Isabella Alcaraz, owner of The Animal Connection in San Francisco, says, “It’s nice to send people home with something that comes from us because they trust us and know that we care about their animals. It also gives people a little more confidence in following the care sheets, because they’re tips recommended by our staff.” She says their care sheets and informational brochures are important because they build upon one of the main reasons customers come into her store: her knowledgeable staff. “They know our ‘bird guy’ Joe has a degree in ornithology, and Jen is our reptile expert who worked with reptiles at the zoo.” Alcaraz says an added benefit of having your in-house experts create educational materials is that they really enjoy writing up the information about specific care. “If you’re passionate about animals and pet care, you don’t find it to be extra work to get educated and educate others about animals,” she says. Just like with videos, one of the keys to success with paper-based educational materials is consistency. Giving your materials a consistent look and feel will give your business a more professional image. Additionally, be sure to read the materials carefully to ensure the information is accurate, up to date and error-free, so as to not detract from your credibility.
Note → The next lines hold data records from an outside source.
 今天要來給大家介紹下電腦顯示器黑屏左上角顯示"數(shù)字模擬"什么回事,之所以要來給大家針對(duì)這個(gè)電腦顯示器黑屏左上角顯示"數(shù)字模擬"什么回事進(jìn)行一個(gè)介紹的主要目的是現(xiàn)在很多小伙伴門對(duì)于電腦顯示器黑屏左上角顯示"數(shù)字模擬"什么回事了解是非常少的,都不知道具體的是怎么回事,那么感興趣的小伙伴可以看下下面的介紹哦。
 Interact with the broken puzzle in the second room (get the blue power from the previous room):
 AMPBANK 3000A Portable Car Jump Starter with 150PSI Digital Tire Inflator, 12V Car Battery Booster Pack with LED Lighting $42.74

Another avenue for educating your customers is electronically through blogs, email newsletters and social media. If you want to use these tools successfully, it’s important to remember three key things: Be consistent in posting, find proper balance between education and promotion and go where your customers are.
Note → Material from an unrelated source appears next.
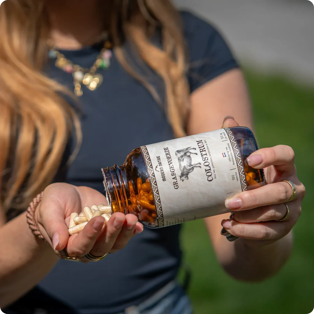 Colostrum wordt ook wel “de eerste melk” genoemd: het is de kostbare voeding die een kalf direct na de geboorte van zijn moeder krijgt. Dit natuurlijke elixer zit vol unieke bioactieve stoffen die in gewone melk nauwelijks of helemaal niet voorkomen. Denk aan immunoglobulinen, groeifactoren, lactoferrine en een breed scala aan vitaminen, mineralen en aminozuren. Colostrum is eigenlijk supermelk: puur, voedend en rijk aan bouwstenen die je lichaam dagelijks kunnen ondersteunen.

When I started my Performance Communication Blog in 2010, I was advised to post three times a week. I knew I couldn’t commit to that schedule consistently, but I could commit to once a week. Nine years later, my blog is still going strong—I get great feedback and a lot of business from it, and my customers have come to expect to see it each Tuesday. I’m also consistent in posting social media content, and I’m careful to ensure my posts have a balance between educational content and promotion. It’s OK to promote your business and specials, but if you do that more than you provide what your customers consider valuable, educational content, they’re going to stop following you. A good rule of thumb is for every eight posts you make, seven should be educational and only one should be an “ask” or push for business.
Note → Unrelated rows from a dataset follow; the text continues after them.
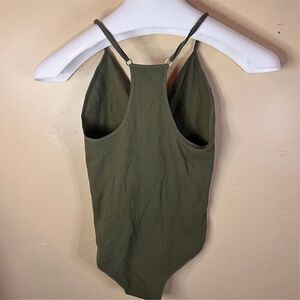 Free People Movement Move Along Olive Green Ribbed Cutout Bodysuit Size M/L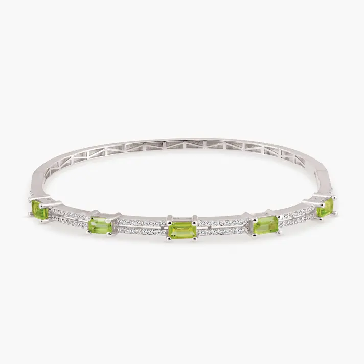 צמיד זהב 14K קשיח בשיבוץ 84 יהלומים טבעיים ונוצצים ו5 פרידוט ירוקות בחיתוך באגט היוקרתי.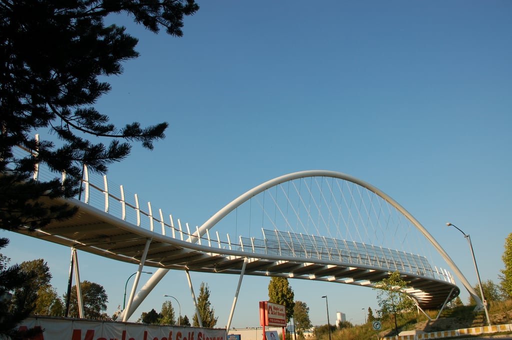 La conception, due à la plume des architectes de Busby Perkins + Will, se caractérise par son arc marqué, qui s’étend diagonalement au-dessus de la passerelle et est relié par des câbles en acier inoxydable à la structure porteuse.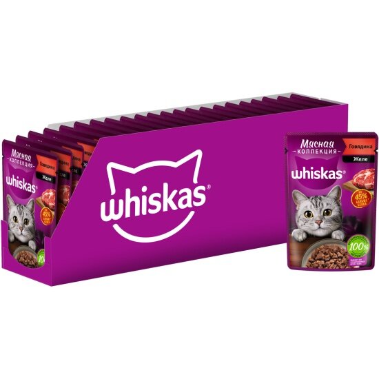 Купить WHISKAS мясная коллекция для взрослых кошек с говядиной в желе (75 гр х 28 шт)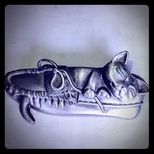 AJC sleeping cat in slipper pin pewter brooch Cat Love ❤️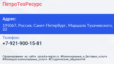 ПетроТехРесурс по адресу 195067, Россия, Санкт-Петербург, Маршала Тухачевского, 22 в дальнейшем Организация, размещена в следующих категориях: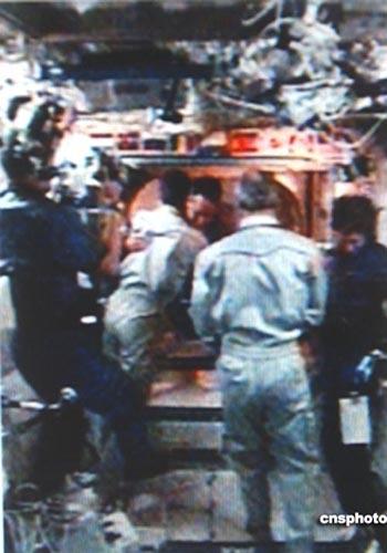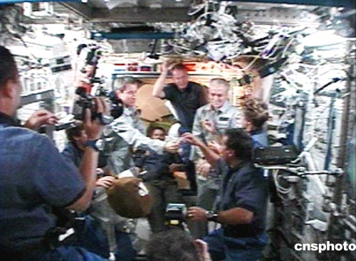 航天飛機(jī)發(fā)現(xiàn)號(hào)是7月28日7時(shí)18分(北京時(shí)間19時(shí)18分)和國際空間站軌道對(duì)接,經(jīng)過密封檢查,機(jī)組于美國東部時(shí)間8:50進(jìn)入國際空間站。七名宇航員結(jié)束了兩天奔向空間站的飛行,這是自美國航天飛機(jī)2002年12月離開后,如今第一次造訪空間站。兩個(gè)機(jī)組會(huì)師太空,相互擁抱問候。

Tammy Weidman, owner of For the Love of Dog, a small boutique in Marietta, Pennsylvania, started her education efforts via a blog on her website. However, she says the blog wasn’t the success she hoped it would be: “My customers are on social media more and more and don’t necessarily visit the website.” As a result, she’s now focusing more of her efforts on social media posts. Dupont also had a similar experience with his YouTube channel and has since focused on posting his videos on Facebook to better reach his customers. These retailers’ experiences are a lesson for everyone who is starting out with electronic communication. You have to know where your customers are and know how they want to receive information from you. Once you know where they “hang out,” you can take advantage of that platform to reach them.